I wrote it all down but felt intimated, so I flagged another taxi. But the second driver appeared even more confused than the first. “I have never heard of this place,” he said.
I followed the police officer’s instructions, and after climbing the second set of stairs came upon a street where all the tidy little newish homes had names rather than numbers. I assumed it was Xmiexi Street and felt triumphant a moment later when a passerby confirmed it. I walked up the street, butterflies in my stomach, taking note of every house name. Some were in Maltese, but others, like “April Showers” and “Goodfellas” were in English. Halfway up the street, I saw a home on my left called Il Homa, but felt a wave of disappointment as the place looked dark and empty.
I rang the bell several times but no one answered. I went to the home next door on the right, rang the bell and a woman answered in Maltese on the intercom.
“Hi,” I said. “Do you know Mario next door?”
“Who?” she asked.
“Mario Cacciottolo,” I said. “He lives next door to you.”
She said she just moved in and didn’t know him. I told her I had a gift I wanted to leave for him and asked if she could come outside so I could explain. A few moments later, she called out to me from her side porch, up on the second floor.
I looked up and struggled to explain my story from a distance. After hearing the Cliff Notes version, she said, “You are in the United Nations?”
“No, no, it was the Model United Nations,” I said, feeling ridiculous. “Back in 1986. Mario sent me this letter.”
I held up the letter, and then the news clipping with my photo, circa 1986, and the woman burst out laughing. “I’m sorry,” she said. “I don’t know him and I can’t help.”
And with that she went back in her house. I tried the house to the left of Il Homa and a man in his 70s came outside to speak with me.
“Mario moved a few years ago,” he said, as my heart sank.
The man explained that Mario moved to a town I didn’t quite catch the name of. Apparently it was nowhere near Valletta and I had just 2 hours before my ship sailed for Catania. I left the man a folder with the letter and clippings, a note from me, and a business card, along with the chocolates I bought for him. In my note to him, I apologized to Mario and told him that I hoped to correct the wrong impression I’d given of Malta back in ’86, as he asked me to in the letter. I asked him to send me an email or a letter. The man promised to pass the items on to Mario and I left wondering if I’d ever hear from him.

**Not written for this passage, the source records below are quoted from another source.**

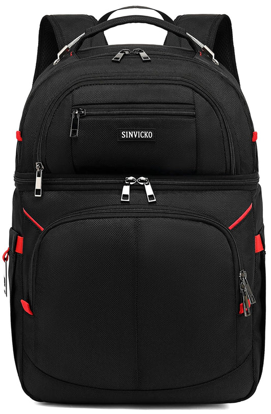 Insulated Cooler Backpack,Double Deck Leak Proof Cooler Bag,Insulated Backpack Cooler Lunch Backpack for Men Women,Black & Red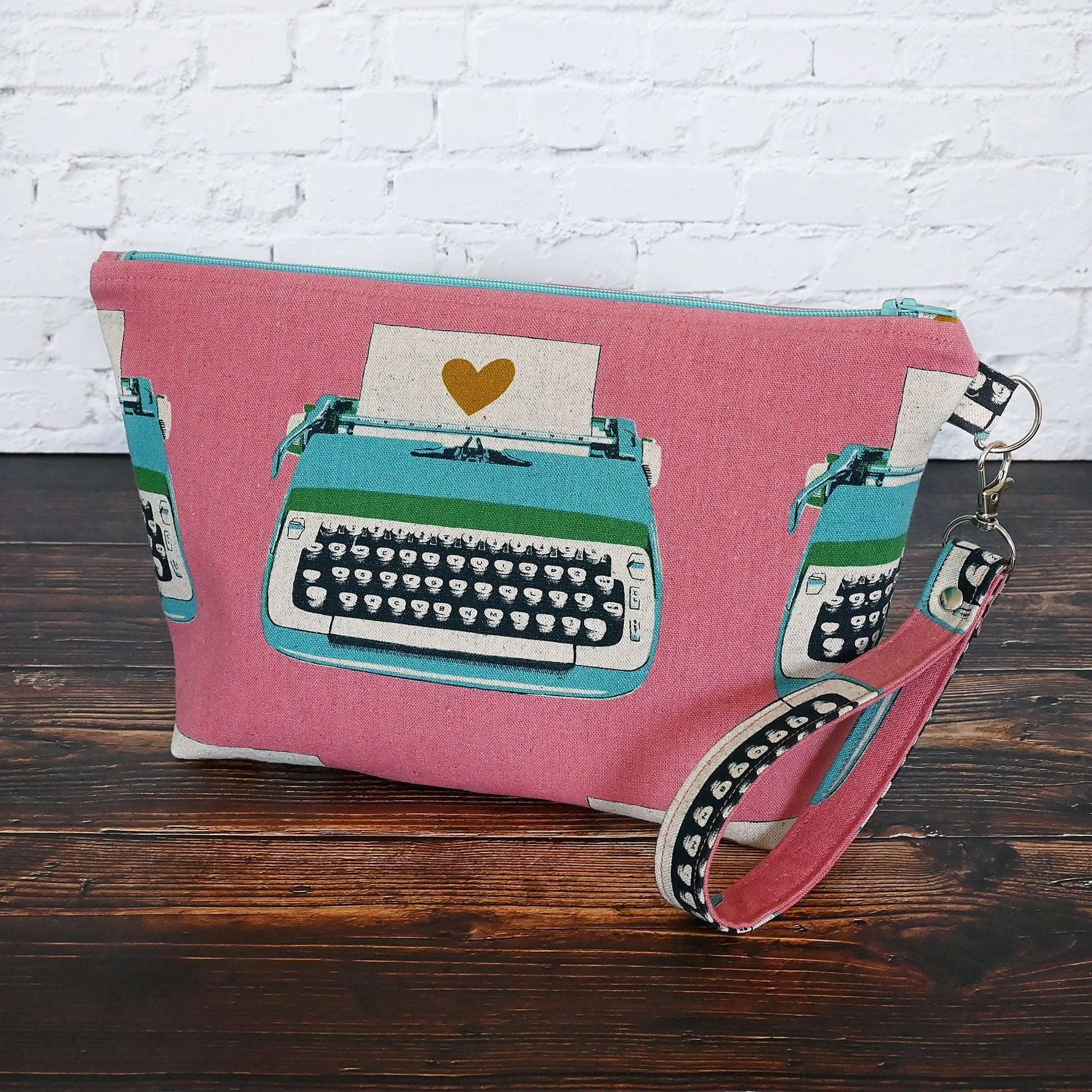 This fun canvas project bag is made from a really cool vintage typewriter fabric and is lined in a fun typewriter cotton from the same collection. Perfect for socks or other small projects, but you could also use this bag for pretty much anything! It features a removable strap and doesn't have any pockets, making it a great 'stow and go' bag.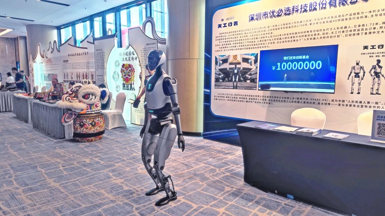 9月27日上午,粤港澳大湾区创业大赛全国总决赛现场的特色展区,人形机器人与非遗醒狮同台展出。(李梦夕 摄)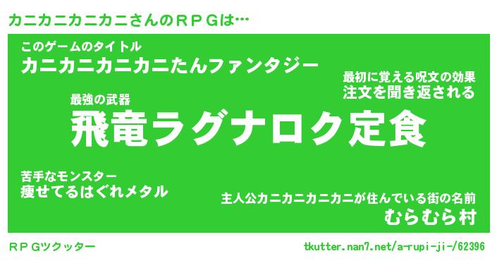 | 男性向けラノベタイトル風あだ名 | 『カニカニカニカニアートオンライン』 |
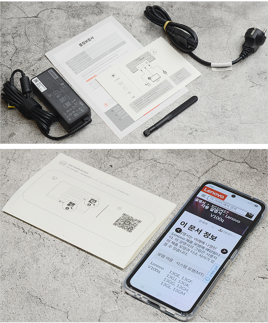 액세서리의 모습으로 전원 어댑터와 전원 케이블, 무선랜 안테나가 포함되어 있고 퀵 매뉴얼과 보증서를 제공한다. (QR코드를 스캔하면 사용설명서를 다운로드 받을 수 있다.) @ 참고로 이 제품은 1년 보증에 전문 상담원이 대기하며 출장방문이나 택배 접수가 가능한 프리미어 서포트를 지원한다.)

I didn’t find Mario, but I was fortunate to strike up a conversation with a gentleman who worked at Valletta’s archeological museum who was able to help me understand Maltese politics, circa 1986. When I showed him my documents, he had a good laugh.
“I’m not surprised they were angry at you,” he said. “The truth is that we’re a bit defensive and we don’t really like Arabs.”

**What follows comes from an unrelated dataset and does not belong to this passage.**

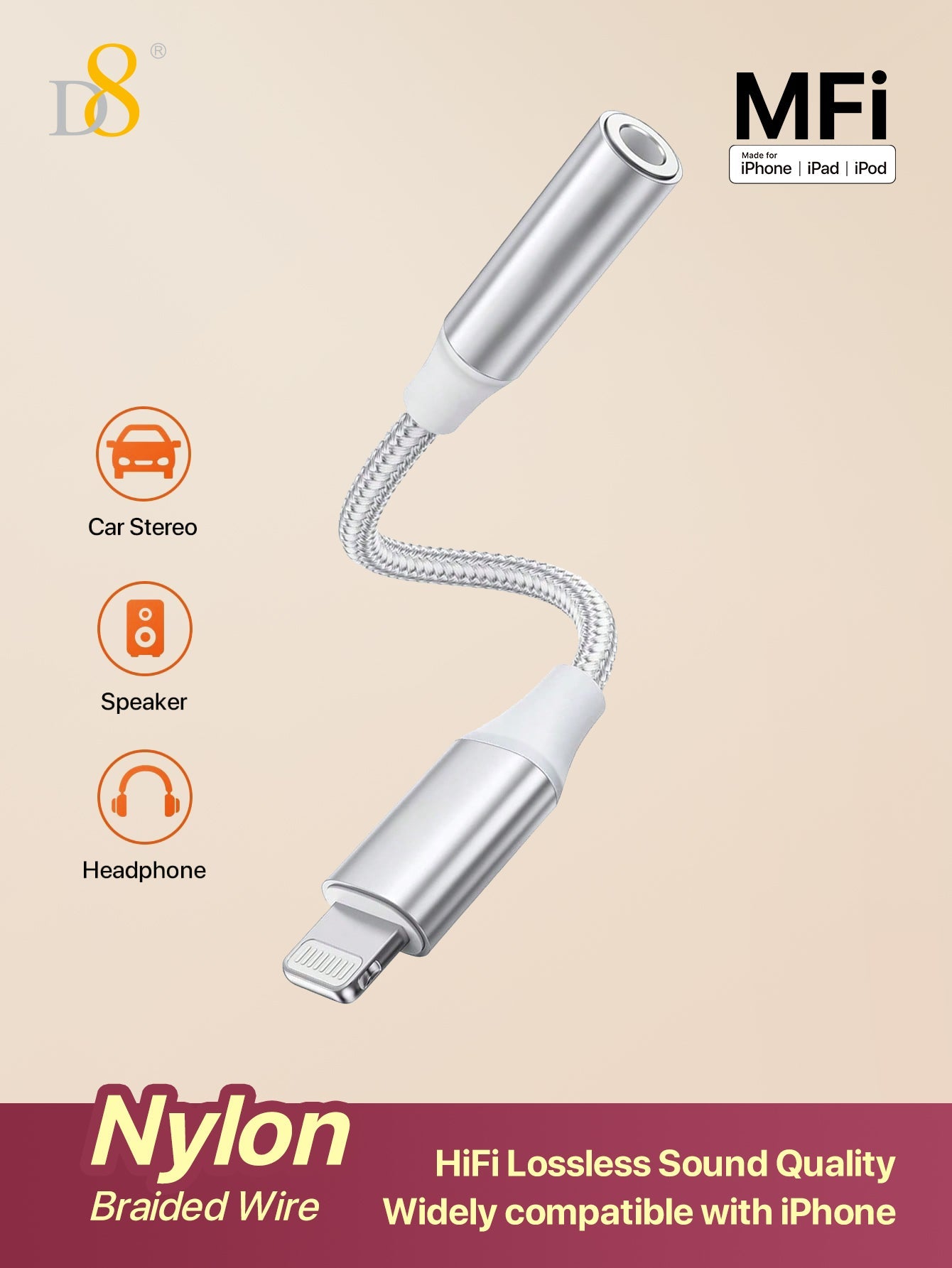 D8 MFi Certified Lightning to 3.5mm Headphone Adapter, iPhone Aux Dongle

The man’s cousin is a former political leader of the country and he asked me not to use his name in the story. He said that Malta’s Prime Minister at the time was Carmen Misfud Bonnici, a socialist who won a disputed election that touched off a period of political violence in the country.
Bonnici forged strong ties with the Soviet Union, Gaddafi, N. Korea and other communist states. Relations with the U.S. were frosty, at best. There was an open campaign against Catholic churches in the country, some were raided and vandalized as were newspapers that were critical of the government.
As the teachers at my little Catholic school in Buffalo were wondering about the somewhat aggressive tone in the letter we received, the streets of Valletta were awash in protests – some broken up violently with police firing on and killing demonstrators in some cases. We had no clue, but the country was deeply divided. In 1990, conservatives took power and relations with the U.S. improved. The country has made great strides in the last two decades, managing to grow its tourism industry and joining the EU in 2004, but Bonnici, now retired, still publicly agitates for Malta to pull out of the EU and go back to the old days.
But that’s not going to happen. Malta’s future is in the EU and the increasing flow of tourists into the country means that gaffes like the one I made years ago are unlikely to happen again. When I turned up at our model U.N. in Buffalo representing Malta as a Colonel Gaddafi look-alike, no one batted an eyelash, or rebuked me for being dead wrong. These days, if a student tried it, they’d certainly be laughed out of the room.
More than a quarter of a century late, it’s time for me to correct the false impression I gave about Malta. Malta is a beautiful, independent European country with a fantastic climate and friendly people – people who dress in modern fashions. I had no idea, but now I do. Sorry, Mario. Please drop me a line someday. I owe you a beer.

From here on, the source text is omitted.